Als paraneoplastische neurologische
Syndrome (PNS) werden Erkrankungen des zentralen und peripheren Nervensystems bezeichnet,
die in unmittelbarem Zusammenhang mit einem Tumorleiden auftreten, jedoch nicht durch den Tumor
bzw. seine Metastasen direkt verursacht werden oder als Nebenwirkung auf eine Therapie mit Zytostatika oder durch Bestrahlung zurückzuführen sind [1]. Vielmehr ist eine
immunvermittelte Pathogenese der
neurologischen Störungen naheliegend, da sich bei vielen Patienten
mit PNS spezifische Autoantikörper
im Serum nachweisen lassen. Diese
Autoantikörper richten sich gegen
Antigene, die normalerweise ausschließlich auf der Oberfläche
(Membranproteine) oder im Inneren
(Zytoplasma oder Nukleus) von Nervenzellen vorkommen.
Im Zuge der Entartung (maligne
Transformation) werden diese Proteine nun auch von Tumorzellen gebildet. Maligne Zellen unterscheiden
sich durch eine Vielzahl veränderter
morphologischer,
biochemischer
und physiologischer Eigenschaften
von normalen Körperzellen. Aufgrund dieser Unterschiede, die in Art
und Ausmaß sehr stark variieren,
können sie vom Immunsystem als
„fremd“ erkannt und angegriffen
werden. Bei Patienten mit PNS werden im Rahmen dieser antitumoralen Immunantwort auch Antikörper gegen die neuronalen Proteine
gebildet, die außerhalb des Nervensystems als unphysiologische, d. h.

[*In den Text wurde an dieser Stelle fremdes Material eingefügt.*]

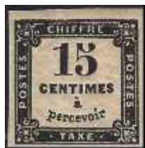
Chiffre-taxe à 15c (YT 3B) imprimé en typographie, émis le 1 er janvier 1863. Extrémités droites du 1, impression défectueuse du à.

Le 2 mai 1864, un deuxième chiffre-taxe à 15c (YT 3) est mis en vente, imprimé en lithographie comme le précédent, mais à partir d'une planche d'impression différente. Les principales différences résident dans les extrémités du chiffre 1 et dans la lettre à qui est mal imprimée sur le premier (YT 3B).

fremde Strukturen wahrgenommen
werden.
Bei der Nomenklatur dieser onkoneuralen Antikörper folgt man zwei
unterschiedlichen Prinzipien. Zum
einen orientiert man sich am Namen
des Patienten, bei dem der Antikörper erstmals nachgewiesen wurde
(z. B. Hu für Hull, Ri für Richards, Yo
für Young, Ma für Margret), während zum anderen das immunhistochemische Färbemuster beschrieben
wird (PCA für Purkinje Cell Antibody).
Abb: 1: Kernspintomographischer Befund einer Patientin mit „Anti-Ma assoziierter paraneoplastischer Enzephalitis“. Die Pfeile markieren beidseitige, hyperintense Läsionen, die den Entzündungsprozess im Bereich des Hirnstammes
widerspiegeln (modifiziert nach Prüss et al. 2008).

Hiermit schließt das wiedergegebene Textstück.